Daylife/Reuters Pictures used by permission
Xie Zhenhua at the UN climate change conference, December 2008

A high-powered group of senior Republicans and Democrats led two missions to China in the final months of the Bush administration for secret backchannel negotiations aimed at securing a deal on joint US-Chinese action on climate change.

The initiative, involving John Holdren, now the White House science adviser, and others who went on to positions in Barack Obama’s administration, produced a draft agreement in March, barely two months after the Democrat assumed the presidency…

“My sense is that we are now working towards something in the fall,” said Bill Chandler, director of the energy and climate programme at the Carnegie Endowment for International Peace, and the driving force behind the talks. “It will be serious. It will be substantive, and it will happen.”


John Holdren, head of White House science office
Daylife/Washington Post/Newsweek used by permission

The secret missions suggest that advisers to Obama came to power firmly focused on getting a US-China understanding in the run-up to the crucial UN meeting in Copenhagen this December, which is aimed at sealing a global deal to slash greenhouse gas emissions. In her first policy address the secretary of state, Hillary Clinton, said she wanted to recast the broad US-China relationship around the central issue of climate change. She also stopped in Beijing on her first foreign tour…

The first communications, in the autumn of 2007, were initiated by the Chinese.
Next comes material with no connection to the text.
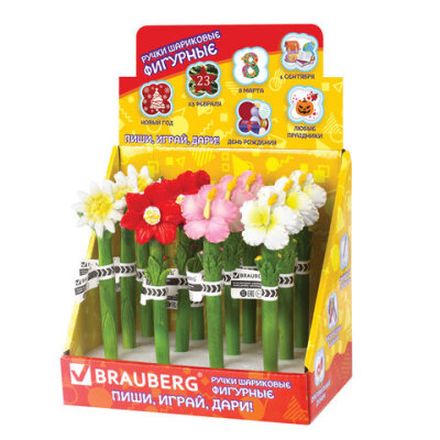 Ручка фигурная "ЦВЕТОЧКИ", СИНЯЯ, 4 дизайна ассорти, линия письма 0,5 мм, дисплей, BRAUBERG, 142775

Xie Zhenhua, the vice-chairman of the National Development and Reform Commission, the country’s central economic planning body, made the first move by expressing interest in a co-operative effort on carbon capture and storage and other technologies with the US…

Taiya Smith, an adviser on China to Bush’s treasury secretary, Hank Paulson, who was at the first of the two sessions, said: “The thing that came out of it that was priceless was the recognition on both sides that what China was doing to [reduce] the effects of climate change were not very well known,” she said. “After these discussions was a real public campaign by the Chinese government to try to make people aware of what they were doing. We started to see the Chinese take a different tone which was that ‘we are active and engaged in trying to solve the problem’.”

RTFA. A good deal we haven’t heard about before. Seems clear the Chinese expected the same election results many activists did. And in 2007 and 2008, it was possible to get a bipartisan working group together from the United States – for bilateral talks.

No surprise that some of the folks taking part in those discussions ended up in Obama’s administration.




  1. Ah_Yea says:

    JimR said: “It’s a real mess eh?”

    Man, that the understatement of the year!!

  2. soundwash says:

    what a huge waste of time and resources.

    personally, this article makes no sense.
    i see no reason why china would commit economic suicide by embracing scandalous carbon policies that will all but
    eliminate its major competitive advantage.

    just as over-bearing enviromental policies have helped to send whole industries
    and jobs out of the America, as soon as China kills it’s cost advantage, companies will move to Indonesia, East Asia and the like.

    imo, this is just a bunch of political hot air. China is on a jobs/stability kick. the last thing it wants is more unemployment.

    China’s growth explosion has enabled many
    Chinese to experience a taste of “the good life” -many for the first time in their lives.

    the longer these workers remain idle, the possibility of labour unrest increases.

    organized labor protests is probably the one thing that strikes fear in the heart of Beijing. especially since China has been trying to move away from it’s standard policy of sending in riot police wherever any uprisings occur.

    -and heaven forbid should it’s workers be unemployed long enough to get a wild hair up
    their butts and think of forming Labour Unions.

    -nope, if anything, i think this is just a puff piece for China to appear in agreement with environmental carbon issues, so as to help support it’s desire to replace the USD
    with the Yuan as the new world reserve currency. (or at least, to ensure the Yuan
    is included in the “basket of currencies”
    to replace the USD.)

    as an aside, this would also give obama’s administration big “marketing points” for
    it’s next election cycle if they can say they got the mighty Chinese Empire to see the err of it’s ways. (etc etc)

    (-personally, i’d much rather they address water pollution. i mean, 1billion+ people must produce a massive amount of waste that gets piped straight into the ocean.. (not to mention the insane amounts of water used by industry to among many other things, process coal.)